Pieter Vos houdt zich bezig met morele en existentiële vragen van militairen, veteranen en overig personeel van Defensie en de wijze waarop de Geestelijke Verzorging daarin kan begeleiden. “Ik wil graag een actieve bijdrage leveren aan de morele vorming van militairen. Zo kunnen we er met elkaar naar streven dat zij weerbaar zijn met een sterk ontwikkeld moreel kompas. En dat vergt inzicht”, aldus Vos. “We zijn geneigd om te zeggen dat ethiek vooral subjectief is en dat er veel verschillende opvattingen zijn. Toch heb ik het diepste vertrouwen, dat er in elk mens een moreel kompas schuilt dat is afgestemd op het goede. Daarom is het belangrijk dat je dat aanboort, bovenhaalt en de militairen uitdaagt om te verwoorden waar ze voor staan. Vanuit gelovig perspectief komt het besef van goed en kwaad van God. Dat wordt verstoord door het kwaad in de wereld maar het goede gaat daarboven uit. Het goede is ook meer dan wat wij persoonlijk toevallig als goed zien. Het ontmenselijken van mensen of het doden van onschuldige burgers is ‘objectief’ verkeerd. Omdat militairen grote verantwoordelijkheid dragen in moeilijke omstandigheden, is het belangrijk dat ze zich hiervan bewust zijn, kennis hebben van ethische principes en ook als persoon een ‘goed mens’ zijn”.

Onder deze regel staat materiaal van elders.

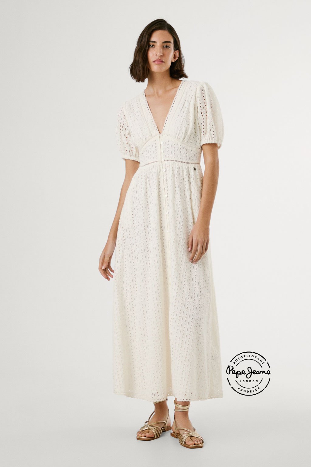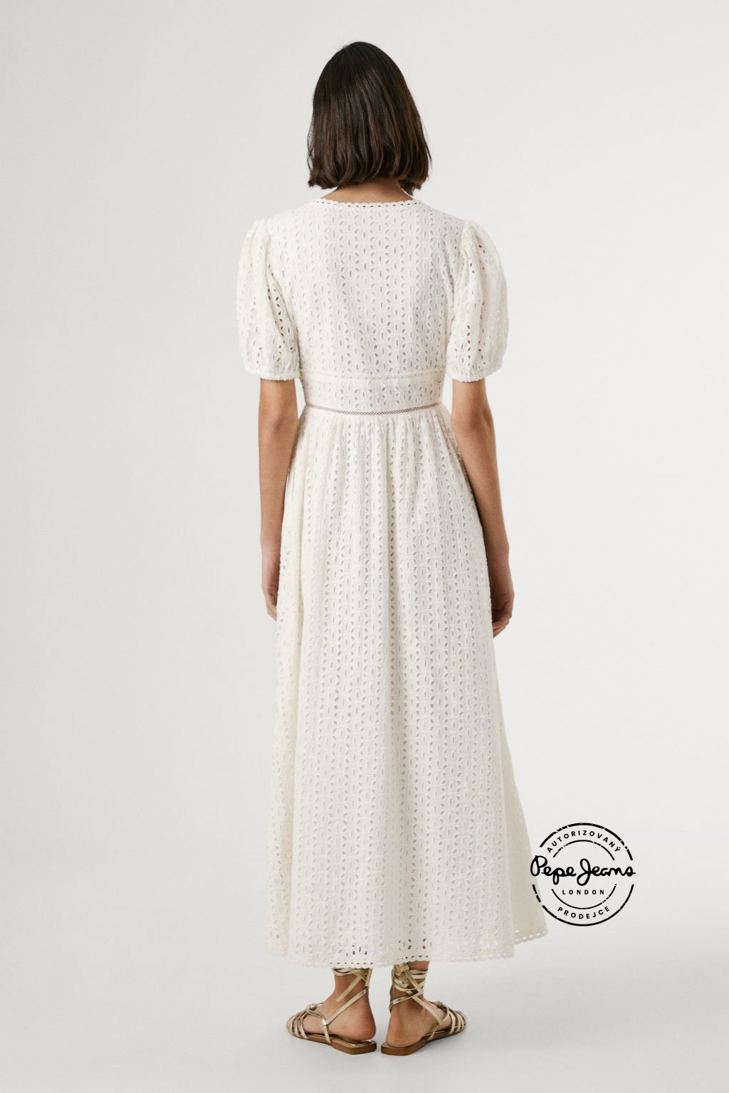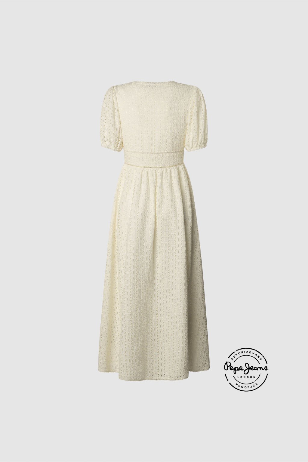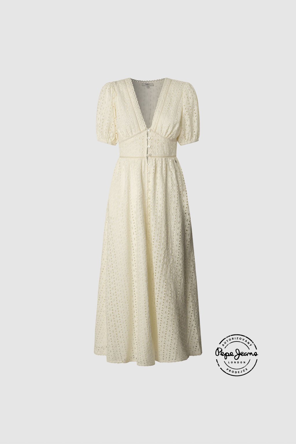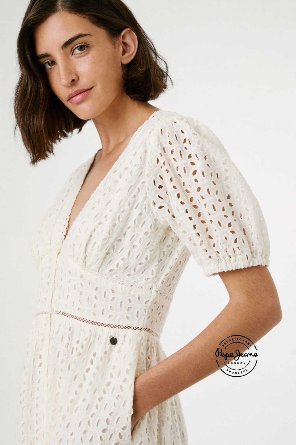 Krátké balónové rukávy, midi šaty s plně knoflíkovaným zapínáním na přední straně a v-výstřihem. Šaty jsou vyrobeny z očkované látky a zdobeny detaily v podobě šňůrek, což dodává celkovému vzhledu jemný a romantický nádech. Ideální volba pro letní dny nebo příležitostné nošení, které kombinuje pohodlí s elegantním stylem.Doplňkové parametry

Prof. Dr. Pieter Vos is voor 5 jaar aangesteld als hoogleraar  voor de bijzondere leerstoel ‘Protestantse Geestelijke Verzorging bij de Krijgsmacht'. Deze leerstoel wordt momenteel bekostigd vanuit Stichting Christelijke Hulpverlening Militairen (SCHM). Onlangs is de leerstoel geëvalueerd en alle betrokkenen (de PThU, de Geestelijke Verzorging van Defensie, de SCHM en niet te vergeten Pieter Vos zelf), zijn zeer tevreden en hebben de intentie uitgesproken om de leerstoel te continueren. Vanaf 2024 zal stichting Hulp voor Helden de leerstoel mede-financieren vanuit haar eigen Diaconaal Fonds Militairen, tezamen met de SCHM.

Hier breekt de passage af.